Tuesday, July 01, 2014

Dementia

According to Wikipedia, Dementia is a broad category of brain diseases that cause long term loss of the ability to think and reason clearly that is severe enough to affect a person's daily functioning. For the diagnosis to be present it must be a change from how the person was previously.[1]

I've heard of the condition before but never really understood what it was. The Philippines' superstar Nora Aunor in fact, just finished filming this interesting and brilliant (haven't watched it but certainly will) film titled Dementia but that was the closest (haha, closest? not even!) encounter I've had with the condition.

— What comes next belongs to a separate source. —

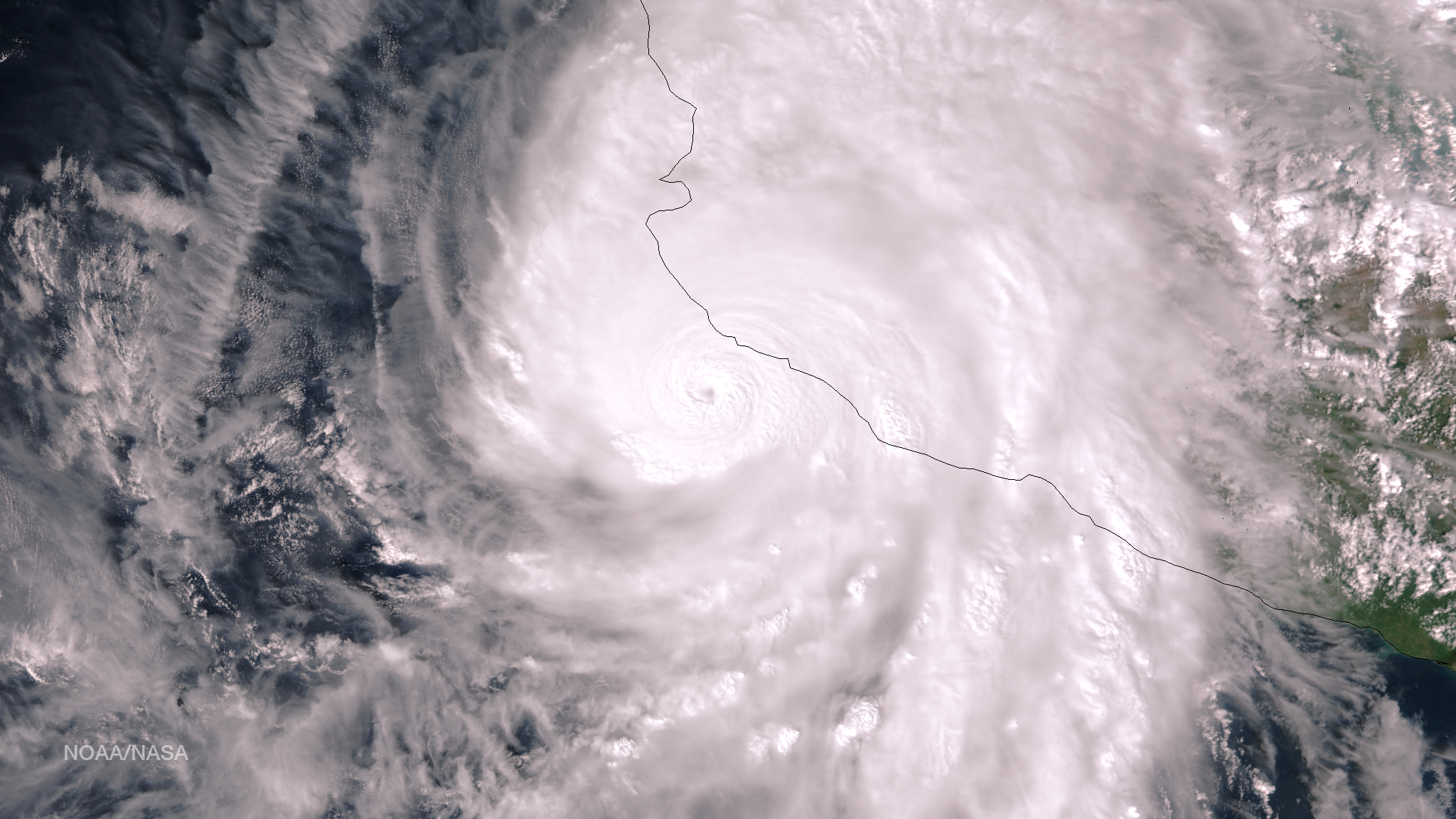 This image from the Suomi NPP satellite's VIIRS instrument was taken around 2035Z on October 23, 2015.

Until last Sunday, our family went to visit an aunt in Bacoor, Cavite who, all the while I thought was suffering from Alzheimer's Disease. Auntie Lety suffered a stroke just a few months back and from then, started losing her memory, acting like a child, and talking about her younger years. Only when I got to chat with her daughter, one of my favorite cousins Ate Annie did I learn that it was actually Dementia that hit my aunt. She said it was a result of the stroke. Something ticked in her brain that caused the loss of memory.

We stayed in her house from 930am till around 130pm and her mood swings were sadly erratic. She'd cry one minute then laugh like a little bubbly girl the next. She'd talk about the time she was a gradeschooler, then she'd shift to giving out a graduation speech to a class who, she said is graduating that day. My cousin said there were times that my aunt would yell that there are robbers in the house, or there's a fire going on, or there are policemen around. The worst time was when there were just the two of them, my aunt and her older daughter, and it was already around 3am, and all the lights in the bedroom were out, and my aunt kept saying that my dead uncle is standing beside my cousin! It was creepy because my aunt was so makulit, saying that my uncle was indeed in the room. Not only did she claim dead uncles and grandfathers and other dead people in the room, but she also sometimes points to the corner of the room, saying that a headless man in a green (sometimes blue) outfit is standing there.

Whew! I am not very close to my aunt but seeing her like that breaks my heart. I also feel for my cousins who have to take care of her. They need all the strength and patience to keep up with taking care of someone in her situation. Makes me wonder how it would be like when I am already old and gray. Makes me remember to eat more healthily and make sure that I exercise regularly to ward off stroke, heart attacks and other diseases.